┌──

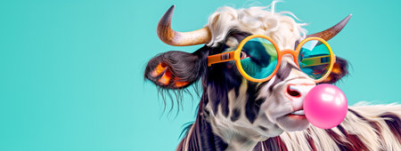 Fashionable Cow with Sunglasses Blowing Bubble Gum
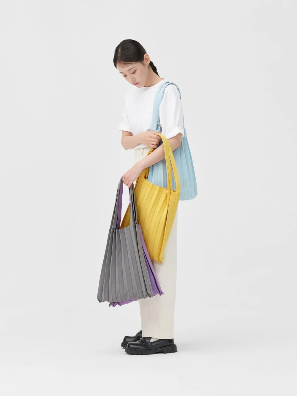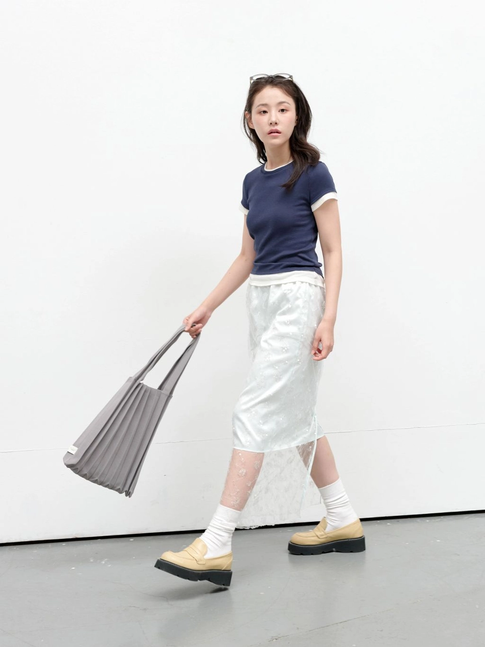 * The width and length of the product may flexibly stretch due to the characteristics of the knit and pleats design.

└──
┌──

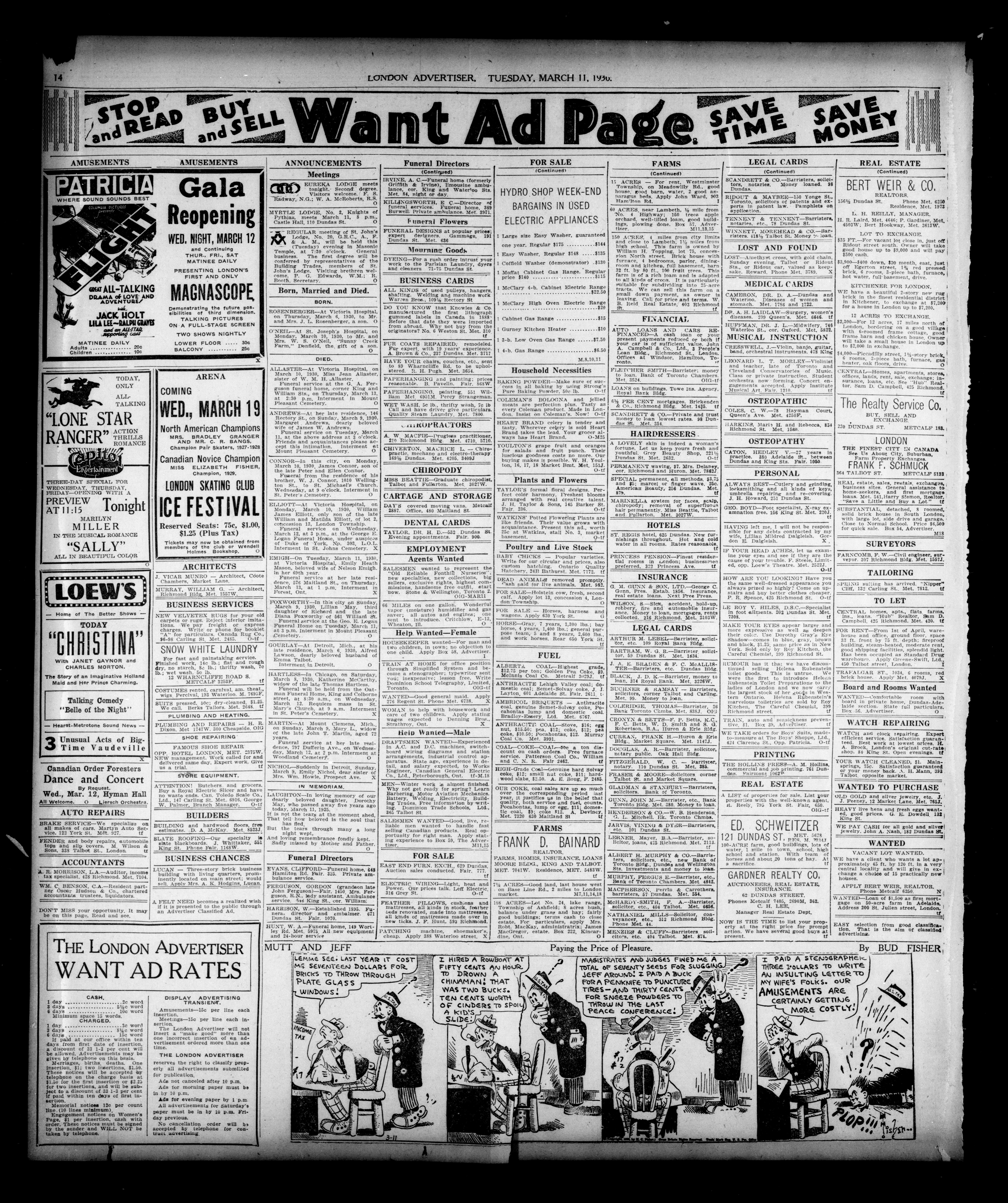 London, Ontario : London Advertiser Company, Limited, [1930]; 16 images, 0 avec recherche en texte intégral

└──

**Exercise requirements**
Above are the records. Copy only the lines from the one with "Fashionable Cow with" through the one with "and pleats design.", exactly, with no pictures.

**Reply to the task**
 Fashionable Cow with Sunglasses Blowing Bubble Gum
 * The width and length of the product may flexibly stretch due to the characteristics of the knit and pleats design.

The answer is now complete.